### TRY IT
Once the images are set aside, output the listing exactly as it stands.
___ DATASET EXTRACT ___
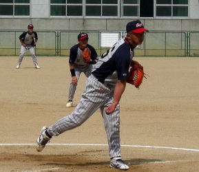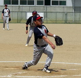 | 今年最高の14名で臨んだ今大会!ナイターも始まり毎週水曜日の練習の成果で打線はまずまずに仕上がったはずでしたが好投手の前に一桁安打がやっとでした。投手はほぼ期待通りの投球を見せてくれただけに残念です。これで今年も勝利なしの3連敗となってしまいました。 初回表片浩の中前打と久直の内野安打で無死1・2塁,3番剛世が送り4番晴彦の左飛犠打で先制!その裏2点を献上し1:2の1点ビハインドで迎えた4回裏リースキンの攻撃,二死1塁から相手打者の放った打球は内野への飛球となりチェンジかと思われた瞬間事件はおきた!それを追った遊撃手の石本とランナーが交錯転倒!(この時点で守備優先の原理から守備妨害が成立すると思った瞬間何と言う事でしょう何のジャジもなされず!何と3人の審判が打球を追って空を見ていたのか?(大謎)その事実を目撃していないという不運と言うかお粗末というか・・・)打球はひろまを掠りファウルグランドへ点々とし・・・二死1・3塁にその後盗塁で2・3塁となり次打者の安打で2点が入る。何とか気を取り直し6回表久直と剛世の連打と晴彦の右翼線への三塁打で1点差とし続く谷平のセカンドゴロ送球の間に晴彦がホームを落とし入れ同点とし行け行け状態となり,7回表先頭の代打伸二が敵失で出塁するもそれを送れず次の打者のいい当たりも二直併殺とチグハグで好機を逸し,その裏先頭に二塁打を浴び一死三塁から中犠飛でサヨナラ負けを喫してしまいました。なんとも後味の悪い負けではありますが”運不運”は試合には付き物と割り切るとともに次の試合に運を貯金したと思い気を取り直し1ヶ月後の全日壮年予選をその貯金を使い勝ち抜き富山に行きたいと思います。!?(謎) |
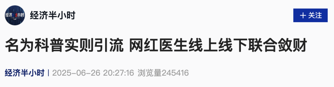 6月26日,“央视财经”曝光部分网红医生乱象:线上引流,线下高价开药。
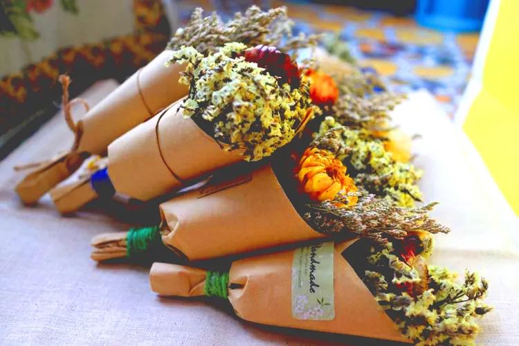 Fresh flowers, after instantly dehydrated by using desiccant, become dried flowers which can keep the original colors and shapes of fresh flowers for a long time. The most common dried flowers include babysbreath, lavender, forget me not and daisy.
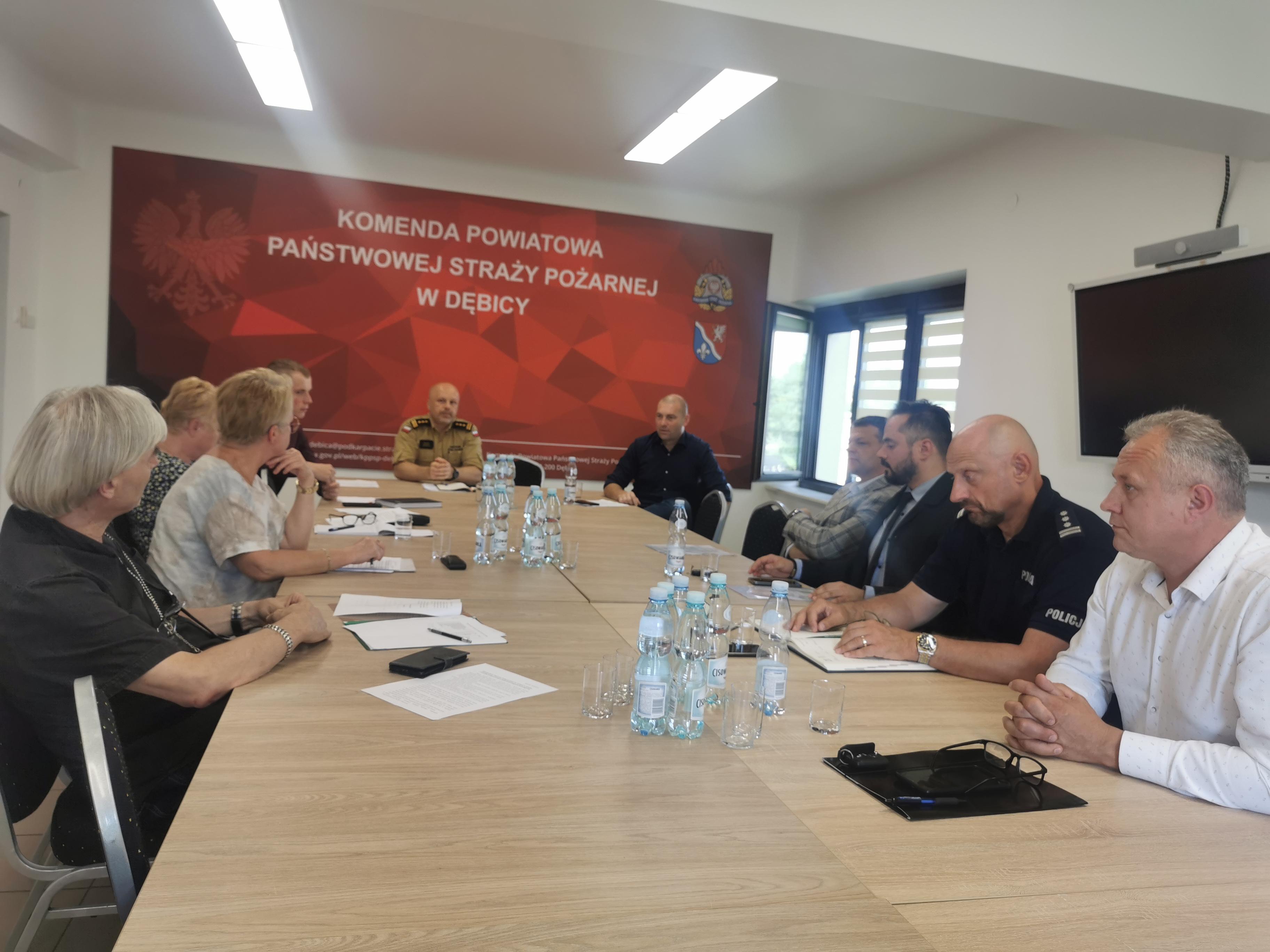 21.06.2024 r. w siedzibie Komendy Powiatowej PSP w Dębicy miało miejsce spotkanie poświęcone omówieniu prognozowanej sytuacji meteorologiczno-hydrologicznej wskazującej na powstanie bardzo silnego frontu burzowego. Przez teren naszego powiatu może przemieszczać się strefa aktywnych burz z ulewnymi opadami deszczu oraz bardzo silne porywy wiatru mogące powodować straty i szkody w infrastrukturze oraz dobytku i mieniu mieszkańców. W spotkaniu uczestniczyli Starosta powiatu dębickiego, Komendant Powiatowy PSP w Dębicy, Komendant Powiatowy Policji w Dębicy oraz przedstawiciele samorządów z terenu powiatu. W trakcie spotkania omówiono bieżącą sytuację związaną z prognozowanymi zjawiskami atmosferycznymi a także stan przygotowania poszczególnych służb i podmiotów do reagowania podczas tego typu zdarzeń.
___
### ANSWER TO THIS EXERCISE
 | 今年最高の14名で臨んだ今大会!ナイターも始まり毎週水曜日の練習の成果で打線はまずまずに仕上がったはずでしたが好投手の前に一桁安打がやっとでした。投手はほぼ期待通りの投球を見せてくれただけに残念です。これで今年も勝利なしの3連敗となってしまいました。 初回表片浩の中前打と久直の内野安打で無死1・2塁,3番剛世が送り4番晴彦の左飛犠打で先制!その裏2点を献上し1:2の1点ビハインドで迎えた4回裏リースキンの攻撃,二死1塁から相手打者の放った打球は内野への飛球となりチェンジかと思われた瞬間事件はおきた!それを追った遊撃手の石本とランナーが交錯転倒!(この時点で守備優先の原理から守備妨害が成立すると思った瞬間何と言う事でしょう何のジャジもなされず!何と3人の審判が打球を追って空を見ていたのか?(大謎)その事実を目撃していないという不運と言うかお粗末というか・・・)打球はひろまを掠りファウルグランドへ点々とし・・・二死1・3塁にその後盗塁で2・3塁となり次打者の安打で2点が入る。何とか気を取り直し6回表久直と剛世の連打と晴彦の右翼線への三塁打で1点差とし続く谷平のセカンドゴロ送球の間に晴彦がホームを落とし入れ同点とし行け行け状態となり,7回表先頭の代打伸二が敵失で出塁するもそれを送れず次の打者のいい当たりも二直併殺とチグハグで好機を逸し,その裏先頭に二塁打を浴び一死三塁から中犠飛でサヨナラ負けを喫してしまいました。なんとも後味の悪い負けではありますが”運不運”は試合には付き物と割り切るとともに次の試合に運を貯金したと思い気を取り直し1ヶ月後の全日壮年予選をその貯金を使い勝ち抜き富山に行きたいと思います。!?(謎) |
 6月26日,“央视财经”曝光部分网红医生乱象:线上引流,线下高价开药。
 Fresh flowers, after instantly dehydrated by using desiccant, become dried flowers which can keep the original colors and shapes of fresh flowers for a long time. The most common dried flowers include babysbreath, lavender, forget me not and daisy.
 21.06.2024 r. w siedzibie Komendy Powiatowej PSP w Dębicy miało miejsce spotkanie poświęcone omówieniu prognozowanej sytuacji meteorologiczno-hydrologicznej wskazującej na powstanie bardzo silnego frontu burzowego. Przez teren naszego powiatu może przemieszczać się strefa aktywnych burz z ulewnymi opadami deszczu oraz bardzo silne porywy wiatru mogące powodować straty i szkody w infrastrukturze oraz dobytku i mieniu mieszkańców. W spotkaniu uczestniczyli Starosta powiatu dębickiego, Komendant Powiatowy PSP w Dębicy, Komendant Powiatowy Policji w Dębicy oraz przedstawiciele samorządów z terenu powiatu. W trakcie spotkania omówiono bieżącą sytuację związaną z prognozowanymi zjawiskami atmosferycznymi a także stan przygotowania poszczególnych służb i podmiotów do reagowania podczas tego typu zdarzeń.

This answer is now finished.